Description:
there was no human readable message in multiple log and trace files, that could help to solve an issue when ndbd does not start, actually because of lack of undo space.
Message like this:
------
Error: 2303
Error data: Killed by node 2 as copyfrag failed, error: 1501
Error object: NDBCNTR (Line: 235) 0x0000000e
------
does not explain the real meaning of error 1501, giving some cryptic "Killed by node 2 as copyfrag failed" statement, which could be helpful for support or product developers people, but it is quite misleading for DBAs.
-------------
I've compiled mysql with ndb from entire source tree 5.1.22
I've started first node, it works fine. However when I start a second one it loads data to memory for ~40 min then when it reaches ~700-850Mb the ndbd process fails.
ndb_3_error.log sais:
----------
Current byte-offset of file-pointer is: 568
Time: Monday 20 August 2007 - 17:01:12
Status: Temporary error, restart node
Message: System error, node killed during node restart by other node (Internal e
rror, programming error or missing error message, please report a bug)
Error: 2303
Error data: Killed by node 2 as copyfrag failed, error: 1501
Error object: NDBCNTR (Line: 235) 0x0000000e
Program: /usr/local/mysql/libexec/ndbd
Pid: 7498
Trace: /var/lib/mysql-cluster/ndb_3_trace.log.1
Version: Version 5.1.22 (beta)
***EOM***
------------
ndb_3_out.log sais:
------------
....
allocated 32 pages: [ m_page_no: 30723 m_file_no: 0 m_page_idx: 2324]
allocated 32 pages: [ m_page_no: 30755 m_file_no: 0 m_page_idx: 2325]

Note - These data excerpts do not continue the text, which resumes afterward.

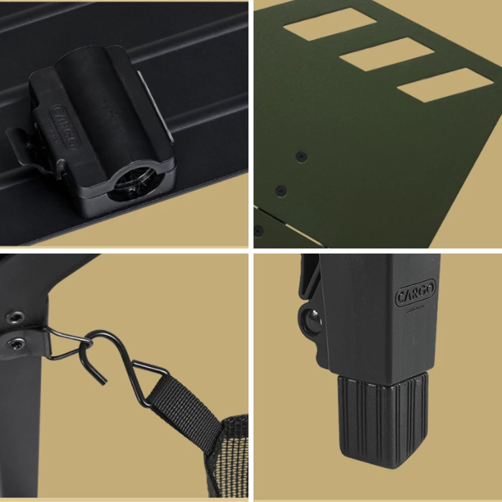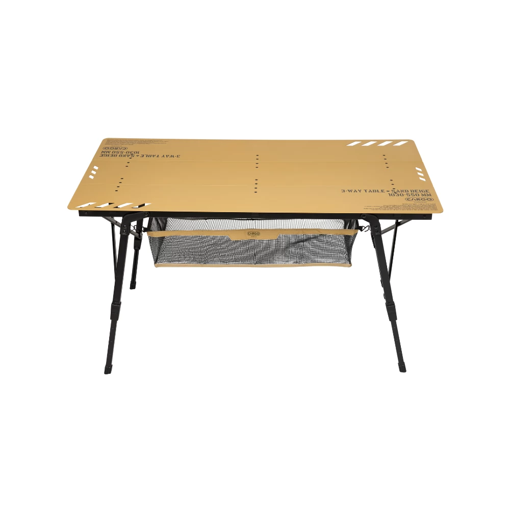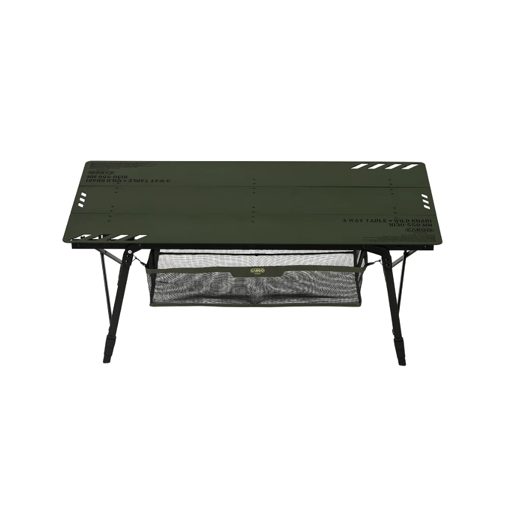 The patented 3-WAY TABLE is a folding table exclusively developed by CARGO CONTAINER. 3-WAY TABLE is the world’s first 3-part separating/combining table. This main table enables convenience and safety at the same time. Since the specifically developed connection coupling combines the countertop and the leg frames sturdily, the table is not separated out while moving or using it, which allows you to use it stably.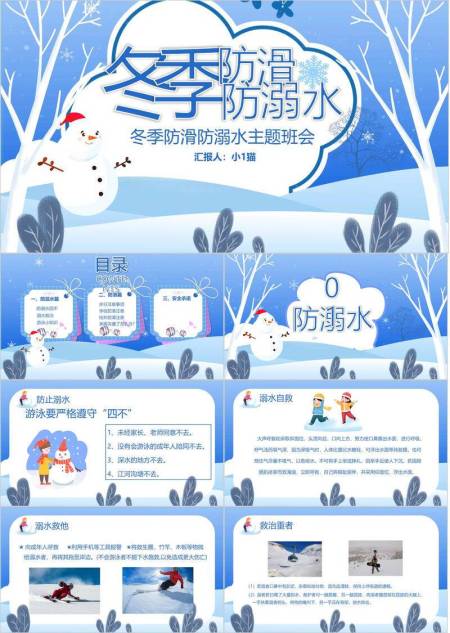 森林枝干雪人防滑防溺水宣传PPT模板
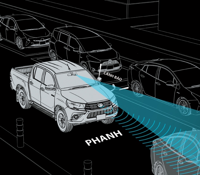 Hilux mới được trang bị tới 6 cảm biến phát hiện vật thể xung quanh ở cự li gần, giúp cảnh báo trước những va chạm đột ngột khi xe lăn bánhThông số kỹ thuật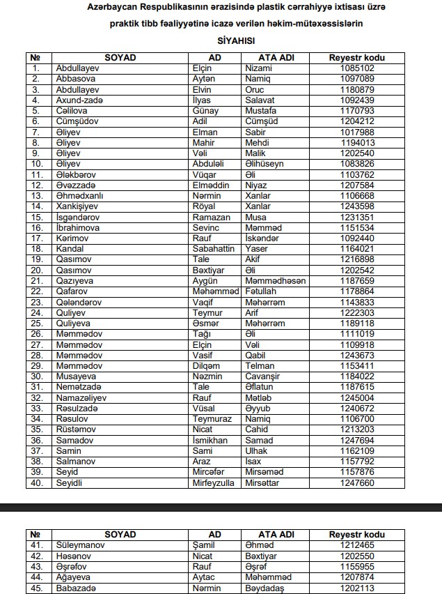 Hazırda sistemə daha 3 cərrah - Rauf Əşrəfov, Aytac Ağayeva və Nərmin Babazadənin adı əlavə edilib. Siyahıda ümumilikdə 45 plastik cərrahın adı yer alıb.

2007-08-20 17:01:12 [ndbd] INFO -- Killed by node 2 as copyfrag failed, erro
r: 1501
2007-08-20 17:01:12 [ndbd] INFO -- NDBCNTR (Line: 235) 0x0000000e
2007-08-20 17:01:12 [ndbd] INFO -- Error handler startup shutting down syste
m
2007-08-20 17:01:13 [ndbd] INFO -- Error handler shutdown completed - aborti
ng
2007-08-20 17:01:13 [ndbd] INFO -- Angel received ndbd startup failure count
1.
2007-08-20 17:01:13 [ndbd] ALERT -- Node 3: Forced node shutdown completed. O
ccured during startphase 5. Initiated by signal 6. Caused by error 2303: 'System
error, node killed during node restart by other node(Internal error, programmin
g error or missing error message, please report a bug)
------------
managemnt node log ndb_1_cluster.log sais:
------------
2007-08-20 17:01:12 [MgmSrvr] ALERT -- Node 2: Node 3 Disconnected
2007-08-20 17:01:12 [MgmSrvr] INFO -- Node 2: Communication to Node 3 closed
2007-08-20 17:01:12 [MgmSrvr] ALERT -- Node 2: Network partitioning - arbitra
tion required
2007-08-20 17:01:12 [MgmSrvr] INFO -- Node 2: President restarts arbitration
thread [state=7]
2007-08-20 17:01:12 [MgmSrvr] ALERT -- Node 1: Node 3 Disconnected
2007-08-20 17:01:12 [MgmSrvr] ALERT -- Node 2: Arbitration won - positive rep
ly from node 1
2007-08-20 17:01:12 [MgmSrvr] INFO -- Node 2: DICT: remove lock by failed no
de 3 for NodeRestart
2007-08-20 17:01:12 [MgmSrvr] INFO -- Node 2: DICT: lock bs: 0 ops: 0 poll:
0 cnt: 0 queue:
2007-08-20 17:01:13 [MgmSrvr] INFO -- Node 2: Started arbitrator node 1 [tic
ket=51a30007851449e0]
2007-08-20 17:01:13 [MgmSrvr] ALERT -- Node 3: Forced node shutdown completed
. Occured during startphase 5. Initiated by signal 6. Caused by error 2303: 'Sys
tem error, node killed during node restart by other node(Internal error, program
ming error or missing error message, please report a bug)
2007-08-20 17:01:16 [MgmSrvr] INFO -- Node 2: Communication to Node 3 opened
2007-08-20 17:18:27 [MgmSrvr] INFO -- Node 2: Local checkpoint 731 started.
Keep GCI = 636889 oldest restorable GCI = 583856
------------
ndbd also generated a huge about 1Gb ndb_3_signal.log file and 2Mb ndb_3_trace.log.1.
How to repeat:
Significantly decrease size of undo space for cluster tablespace i.e. by removing file(s) from logfile group. Or alternatively increase size of data. Restart ndbd. Look into log/trace files.
Suggested fix:
ndbd and ndb_mgmd must also print "Out of undo space" (sub)message whenever error 1501 happens.